EL SECRETO DE LA BIBLIOTECA - Cuento de ALEJANDRO HERNÁNDEZ Y VON ECKSTEIN

EL SECRETO DE LA BIBLIOTECA

Cuento de ALEJANDRO HERNÁNDEZ Y VON ECKSTEIN


A pesar que el sol brillaba esplendoroso sobre el cielo azul intenso, la plaza estaba casi desierta y el frío del repentino otoño se hacía sentir en el rostro.

Los árboles habían sido despojados de su vegetal ropa­je, dejando a sus pies y en los serpenteantes camineros, adornados con arbustos de rosas salvajes, una multicolor alfombra que contrastaba con el blanco y helado pasto.

Jorge, cruzó la plaza pedaleando en su bicicleta azul con todas sus fuerzas, resoplando como si de una hu­meante locomotora se tratase, levantando algunas de aquellas hojas que el prematuro invierno había despoja­do de los robles y plátanos del vecindario.

Al llegar a la calle se detuvo, miró a ambos lados y cruzó a la vereda de enfrente donde se encontraba como si estuviese preservado en una cápsula del tiempo, el antiguo edificio de la biblioteca. Las paredes de ladrillo del centenario edificio estaban cubiertas casi en su tota­lidad por hiedra prolijamente podada.

Jorge cruzó el portón de hierro forjado que daba ac­ceso al patio y se dirigió al lugar donde los escolares dejaban las bicicletas mientras investigaban dentro del edificio.

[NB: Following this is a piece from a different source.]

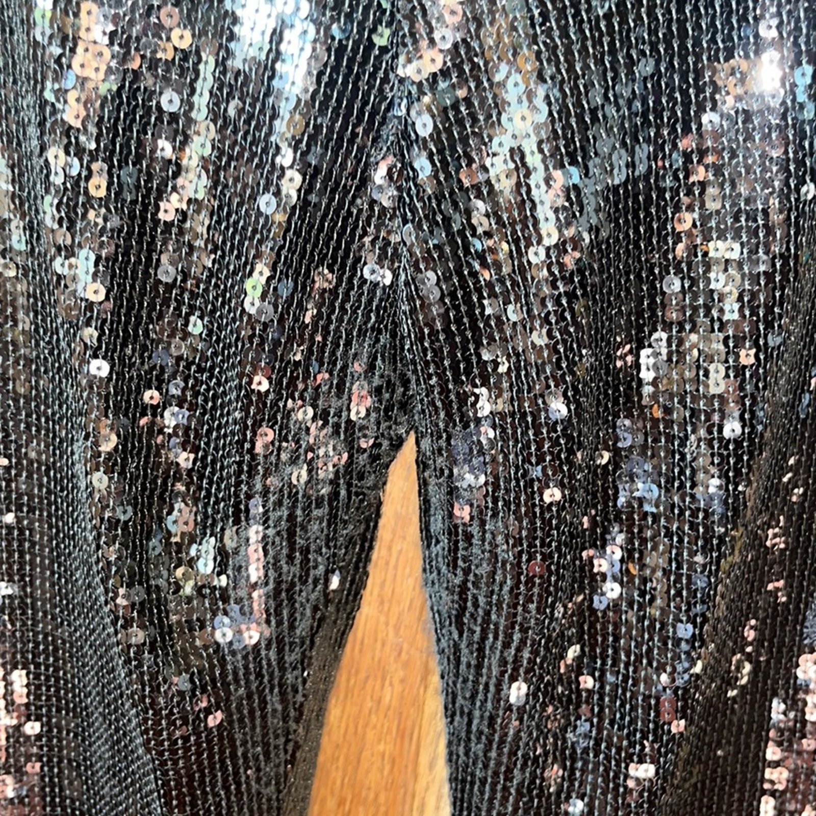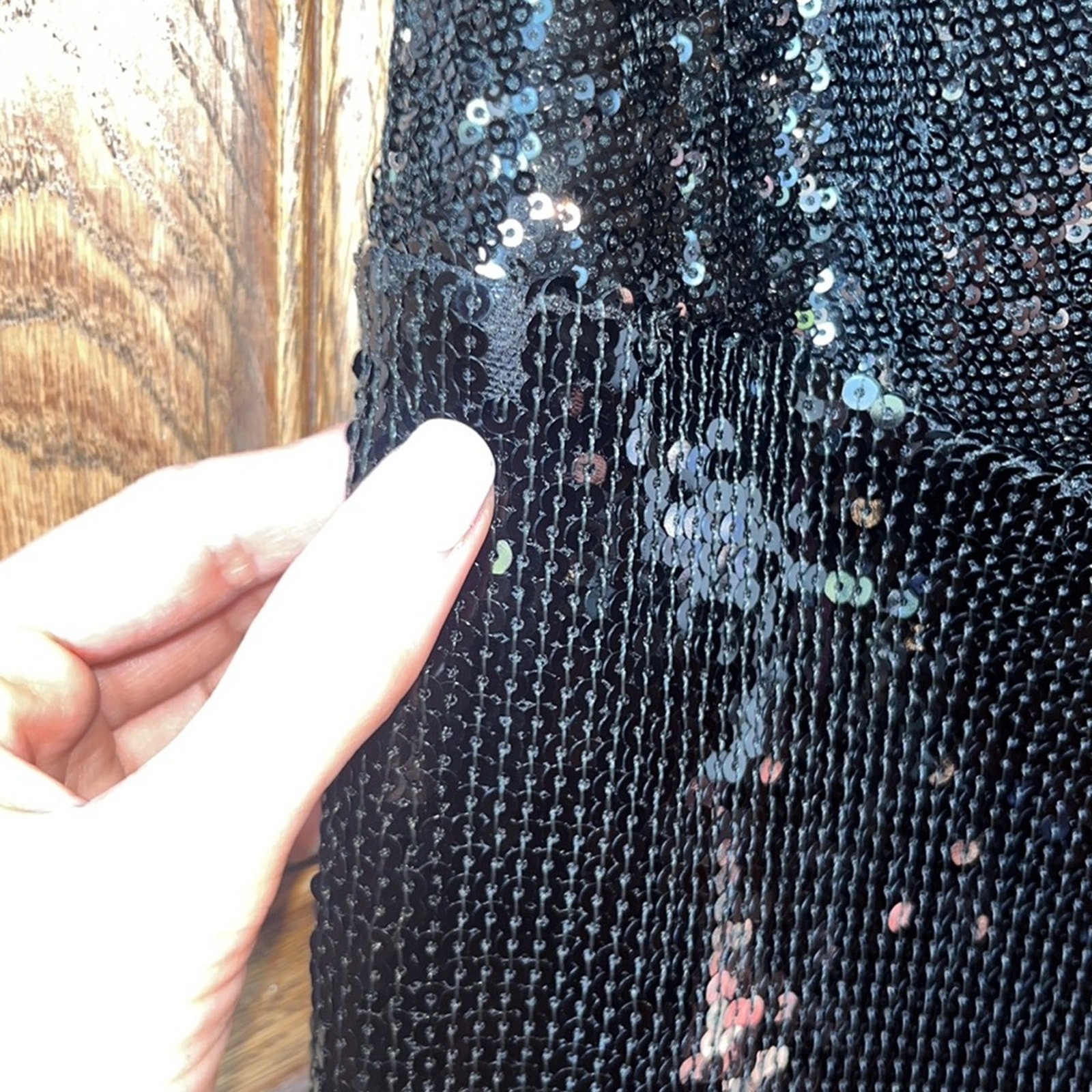 Very Good. Minor pull at interior and at exterior inseam and right chest. Missing a few sequins in one place but not noticeable. Please see pictures for details. Plenty of life left in this fabulous rare piece.

Abrió la pesada puerta de roble de doble hoja con he­rrajes de bronce, aspiró el característico aroma de papel antiguo que tanto le fascinaba, y avanzó por el encerado piso de madera hasta el mostrador donde se encontraba una campanilla de bronce sujeta por medio de una larga cadena al mismo.

Tras hacer sonar la campanilla como lo hiciera tantas veces antes que sus padres le compraran su moderna computadora, se presentó una mujer de unos treinta años, de baja estatura, regordeta, aunque no obesa.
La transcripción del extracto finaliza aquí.